This case provides useful guidance on financial compensation for trade mark infringement in the fashion industry.

Spot the difference

As reported here, House of Fraser’s use of a pigeon logo on its own brand Linea line between 2011 and 2013 was an infringement of the Jack Wills pheasant. House of Fraser was forced to withdraw its stock.  But this was not the end of the story as Jack Wills was also entitled to financial compensation.  

The total sales for House of Fraser’s “Pigeon products” came to just under £1.3million (including VAT).  But how much of this was Jack Wills entitled to in compensation?  

A brand owner has two alternative bases for calculating financial compensation. The first is damages which usually takes the form of a reasonable royalty on the sales price.  The second is an account of the profits made on the infringing articles.  Both options aim to put the Claimant in the position that it would have been in if infringement had not occurred.  

Following receipt of sales data, Jack Wills decided it would get more money if it opted for an account of profits.  The key question was what costs could House of Fraser legitimately deduct to reach a net profit figure?

Some deductions were uncontroversial such as VAT, the cost of the goods themselves and the cost of written off stock.  This left a gross margin of just under £600,000.  However, there was disagreement about whether a percentage of general overheads could be deducted and if so, how much. 

General overheads can be deducted if it is possible to show that these costs would have been incurred if non-infringing goods had been produced and sold instead.  Because House of Fraser had sold similar lines of own brand clothing in the past which had not used the Pigeon logo, the Court decided that the Pigeon products were not made specially but were part of House of Fraser’s general business.  This meant that House of Fraser could also deduct a percentage of House of Fraser’s costs for employees, property, asset depreciation, advertising (on the basis that adverts for other products still attract footfall to the stores).
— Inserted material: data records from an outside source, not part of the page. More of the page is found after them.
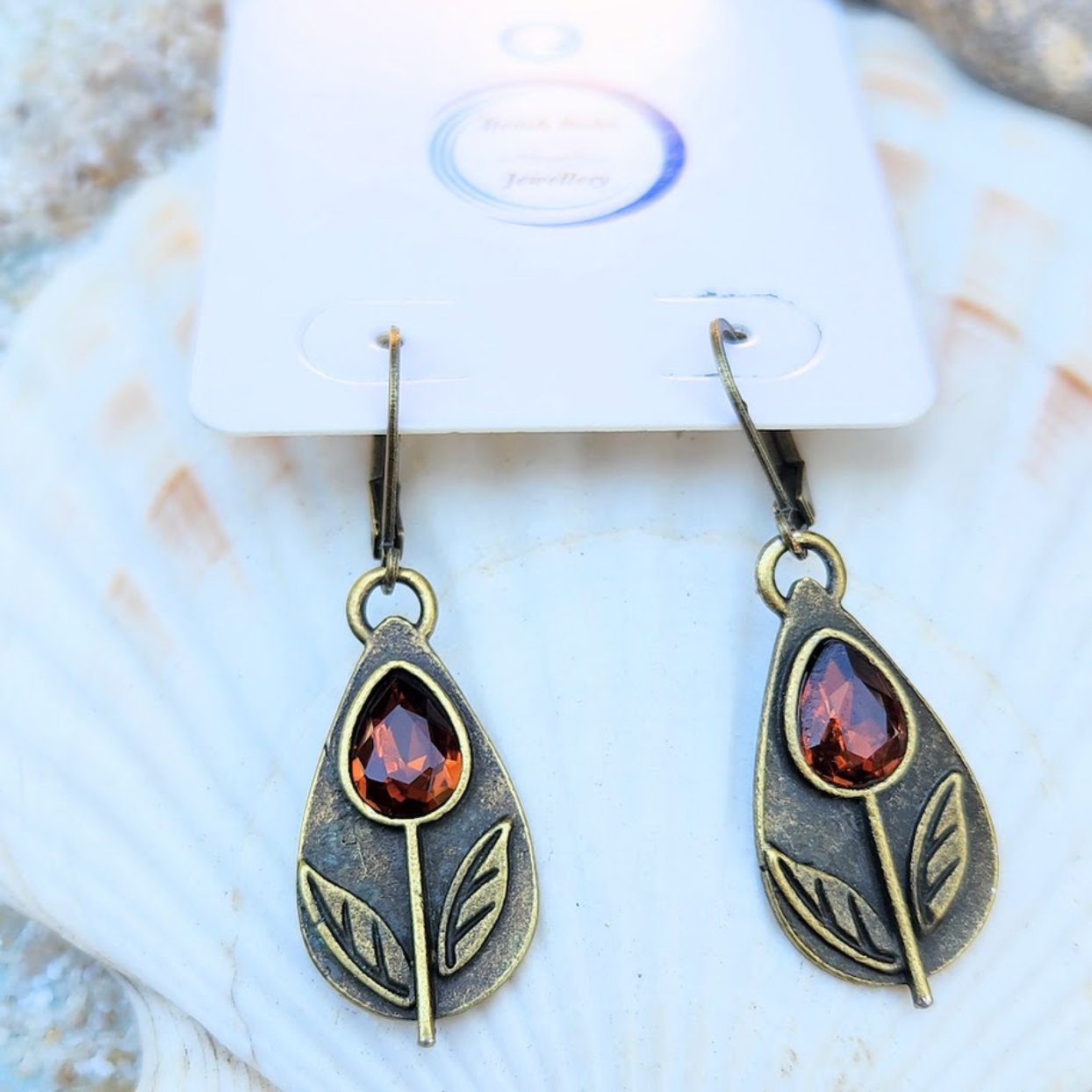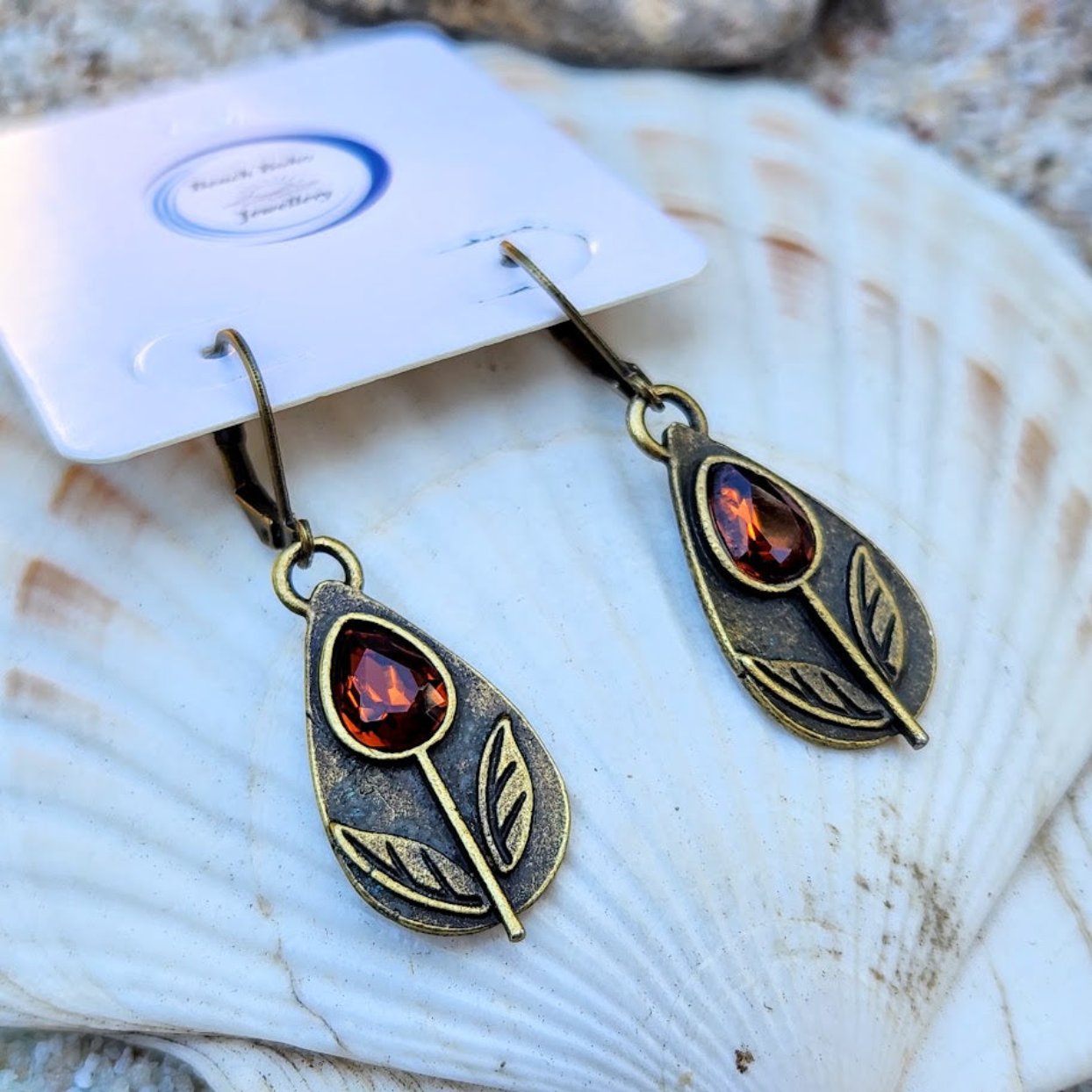 Copper Amber Crystal Handmade Drop Leaf Charm Hook Earrings - 2.5 cm Drop, lightweight and comfortable to wear... Beautiful Boho Earrings
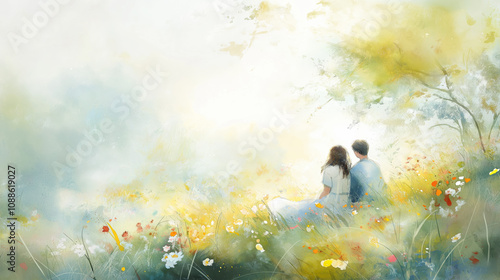 Couple sitting in serene meadow surrounded by wildflowers, bathed in soft sunlight, enjoying peaceful moment of connection and love, symbolizing romance, togetherness, Propose Day celebration
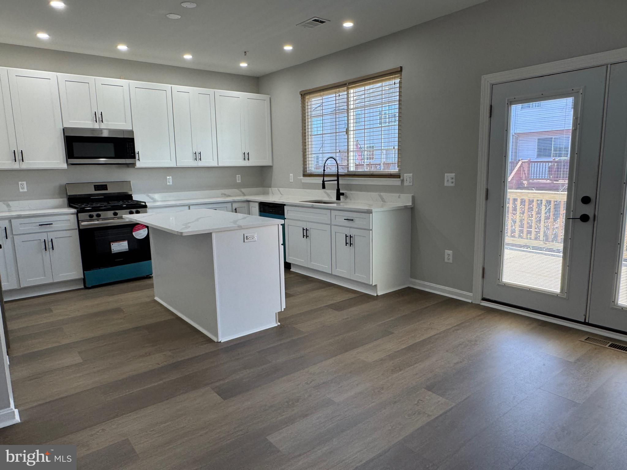 Beautifully renovated garage townhome in desirable Russett! Lower walkout (entry) level has a garage, half bath and family/living/rec room. The main level features another half bath, a stunning gourmet kitchen with white, soft close cabinets, quartz counters and stainless appliances. Open concept living area, great for entertaining! Brand new deck! Upstairs there are 2 generous sized bedrooms and a full bath. The Primary Bedroom has a large walk in closet, an En Suite with a double vanity, soaking tub AND a shower! The upper level also has a laundry room! New LVP and carpet throughout. This one won't last!
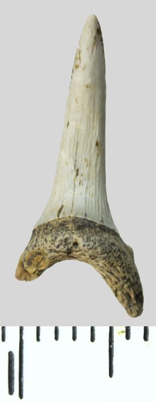 Зуб. Акула. Odontaspis whitei Arambourg, 1952. Классификация: Хордовые Chordata, Позвоночные Vertebrata, Хрящевые рыбы Chondrichthyes, Пластиножаберные Elasmobranchii
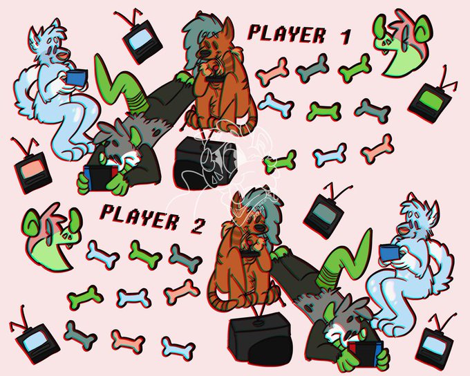 video game design with most of my sonas playing their favorite games together! I'll have this updated to my Redbubble soon 🥰
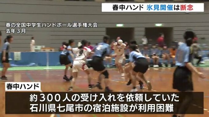 春中ハンドは、県外から90チームが参加する予定でしたが、実行委員会によりますと、約300人の受け入れを依頼していた石川県七尾市の宿泊施設が利用できなくなりました。県西部や富山市のホテルなども探しましたが、全チーム分の宿泊場所を確保できなかったということです。
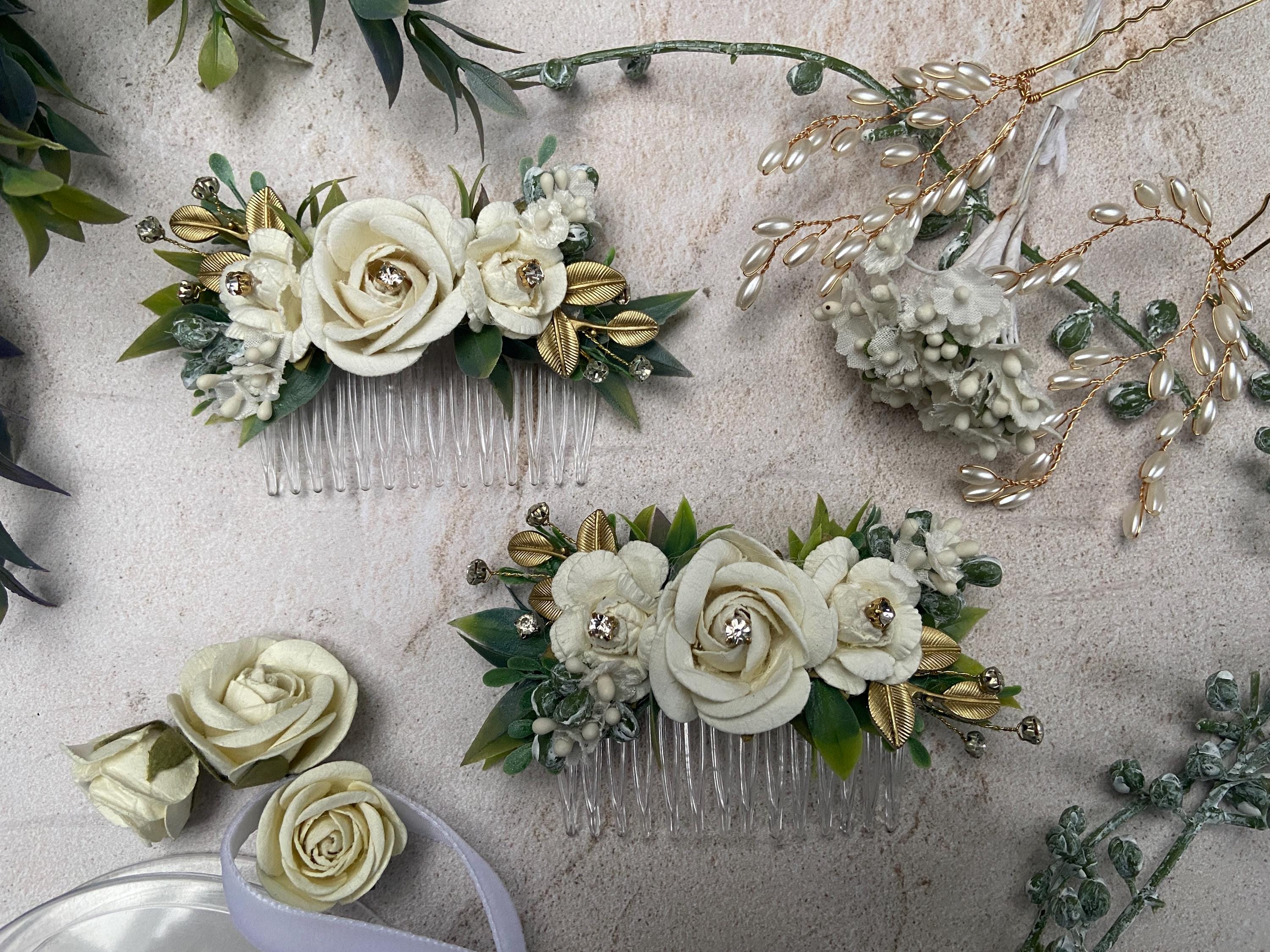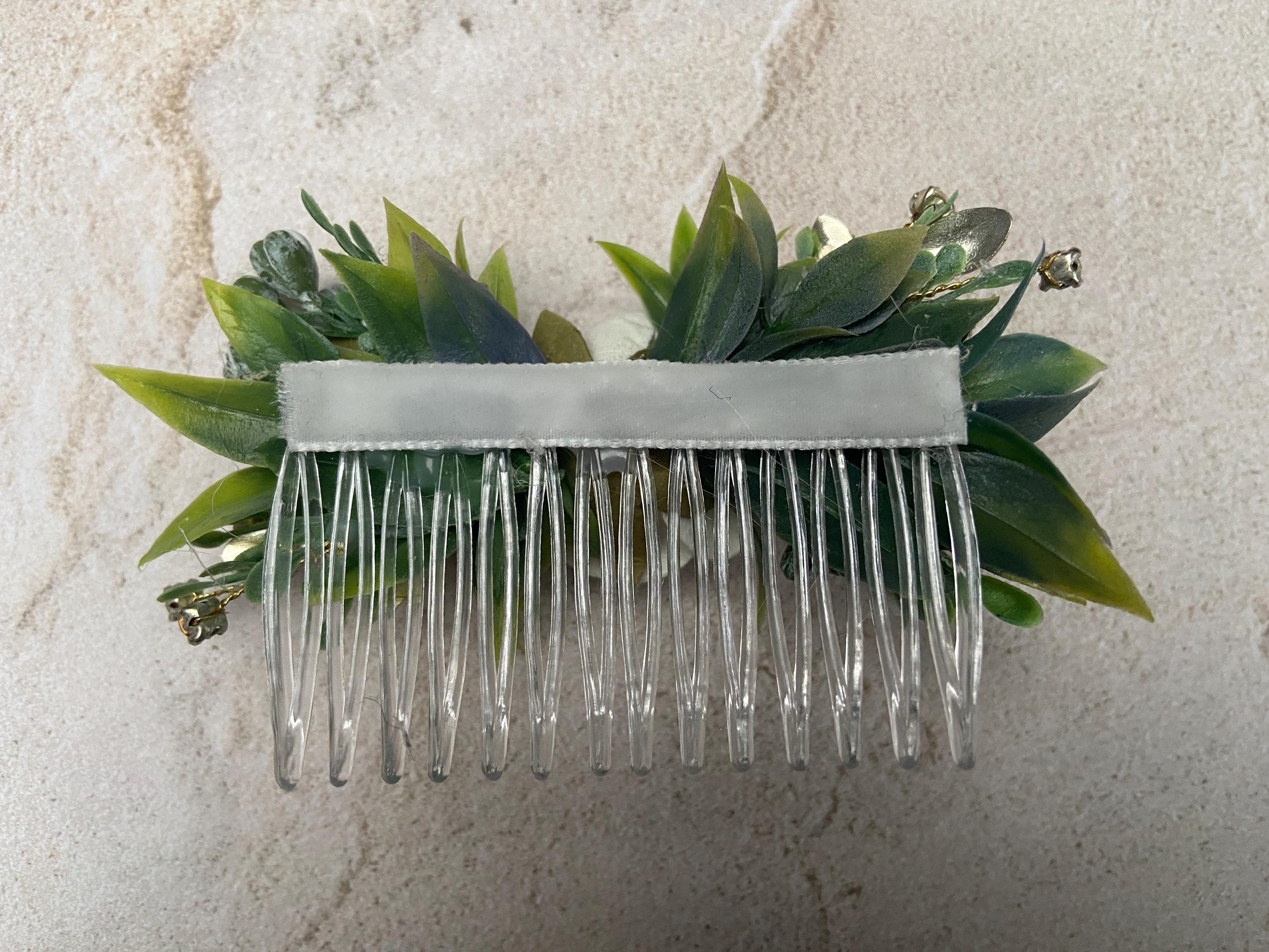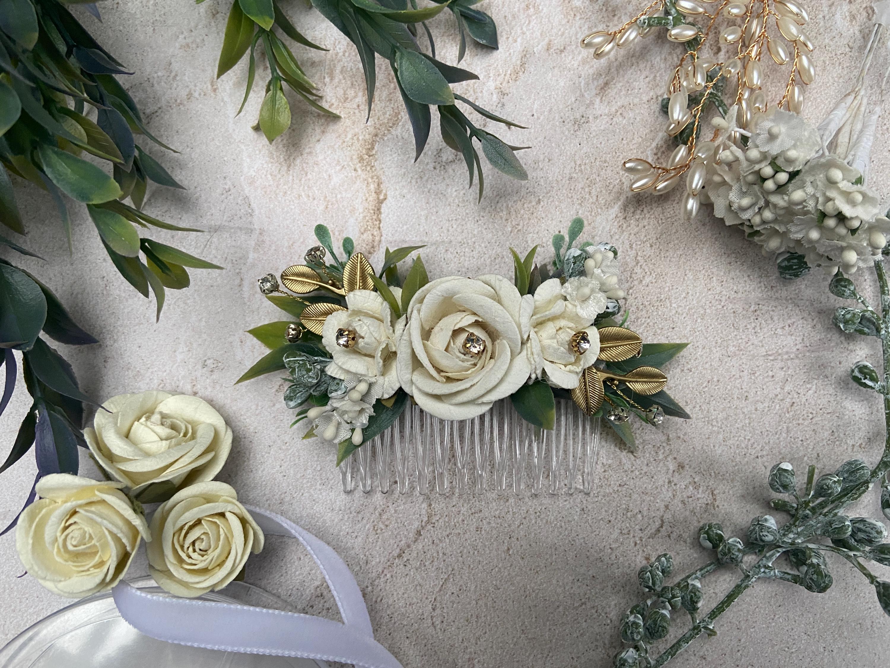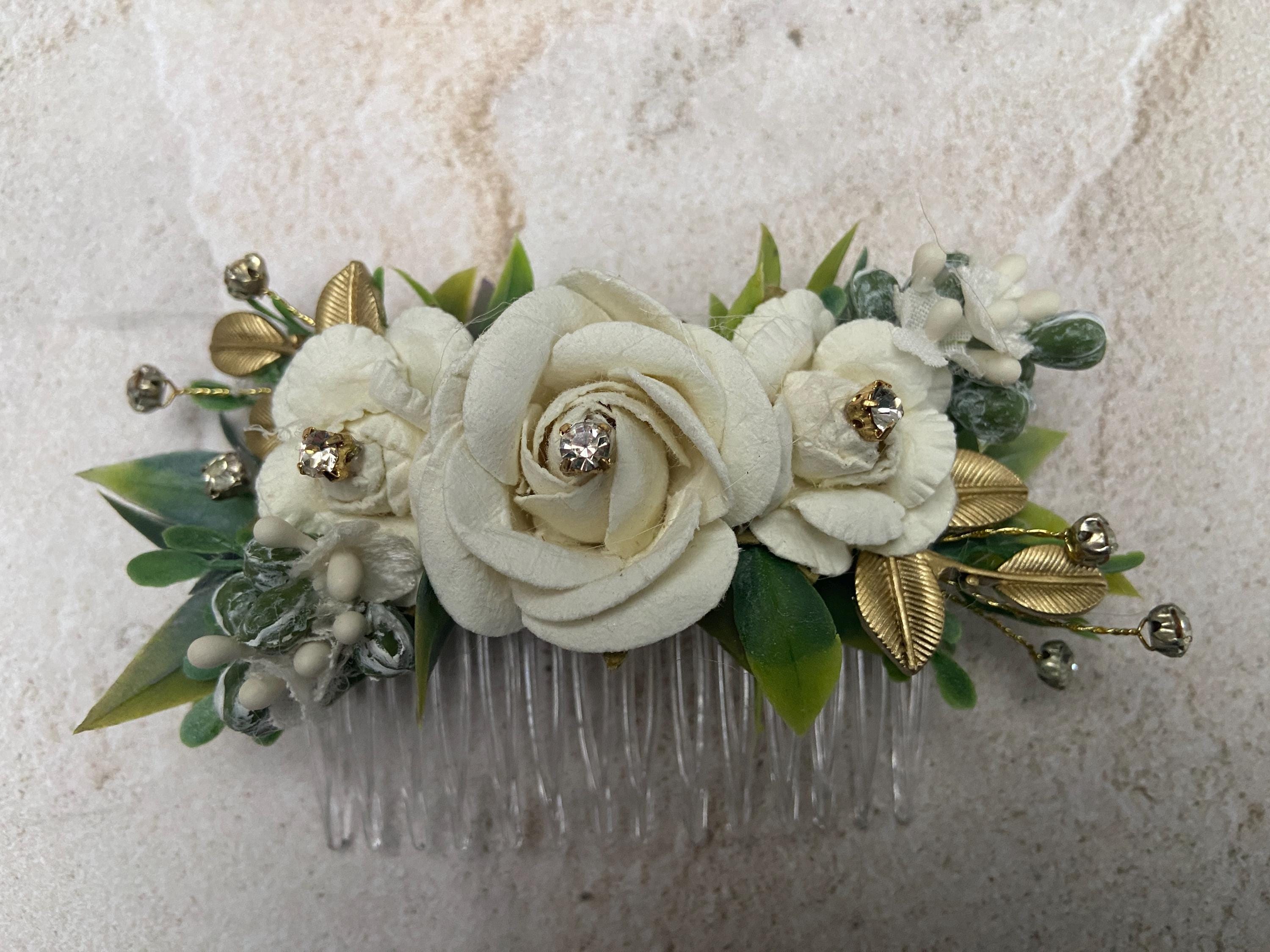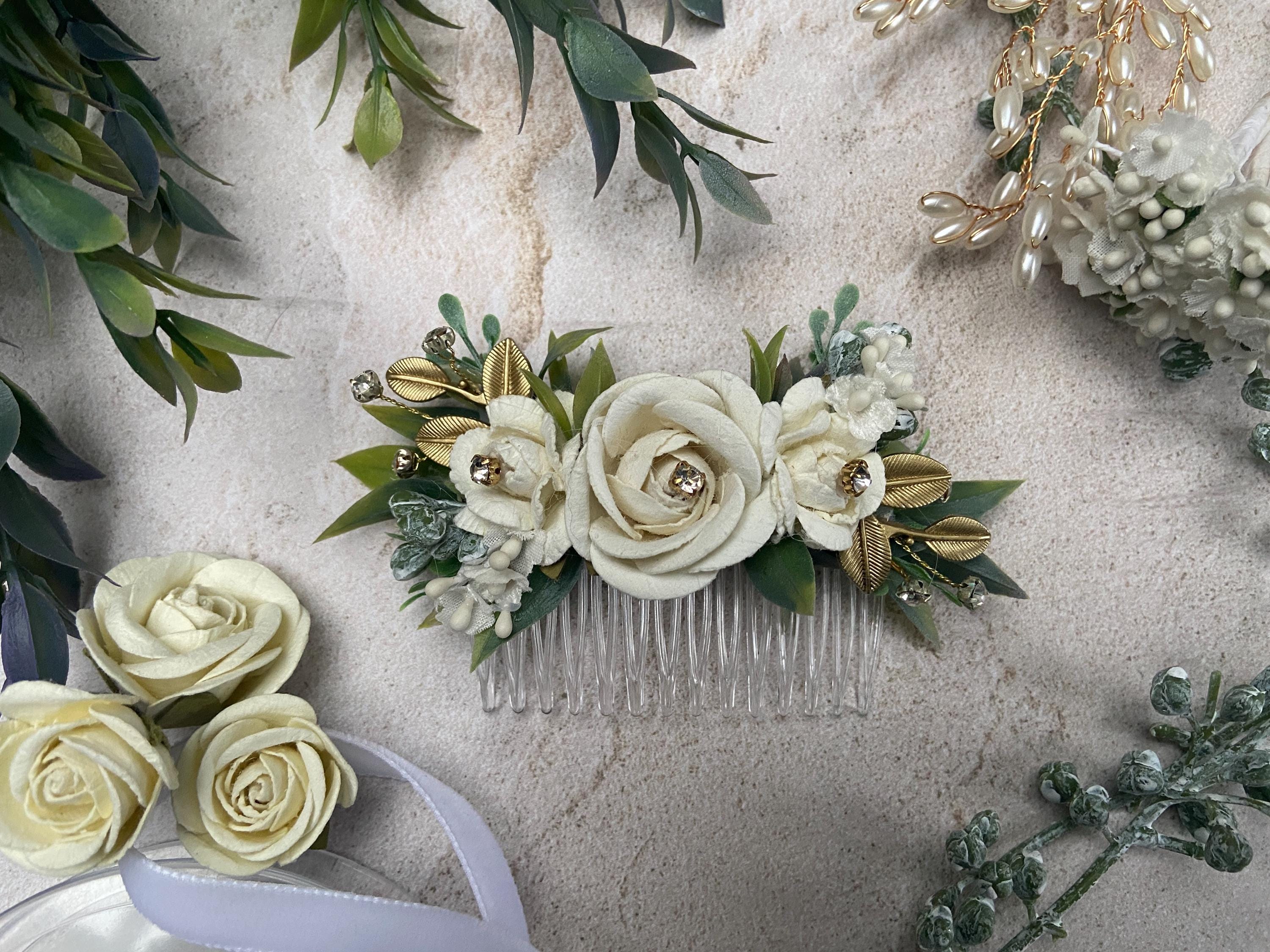 This beautiful ivory rose hair-comb, has been handmade using 3 ivory rose heads, each with a diamanté added in the centre, green/grey lavender ruscus, thyme, green and white buds, white flowers, diamantés and hand-sprayed gold metal leaves. It has been made on a clear plastic hair-comb. A "Bridal White" coloured velvet ribbon lines the back of the hair-comb for added comfort. The hair-comb comes in a clear presentation box, ideal for travelling purposes and keeping the hair-comb clean.

Deductions were not permitted for unspecified expenses such as consultancy fees and onerous leases.

It was then necessary to apportion these general overheads to the Pigeon products themselves (an accounting exercise) and to work out what percentage of the net profits was attributable to the infringement.  It is unusual for the infringement to be the sole factor driving the sale.  This means that it is necessary to identify a fair percentage of the net profits which is associated with the infringement.  This is carried out on a “broad brush” basis.  In this case, the judge reached a figure of 41%.  There will be a further hearing in late April 2016 to agree on the final figure.  
 


Check mate for Jack Wills?

Although Jack Wills won the infringement action, the proportion of the profits it receives will be a lot less than 41% of the £600,000 gross profits (i.e. £246,000). This is less than they had hoped for and raises the question that they may have been better off opting for damages on the reasonable royalty basis.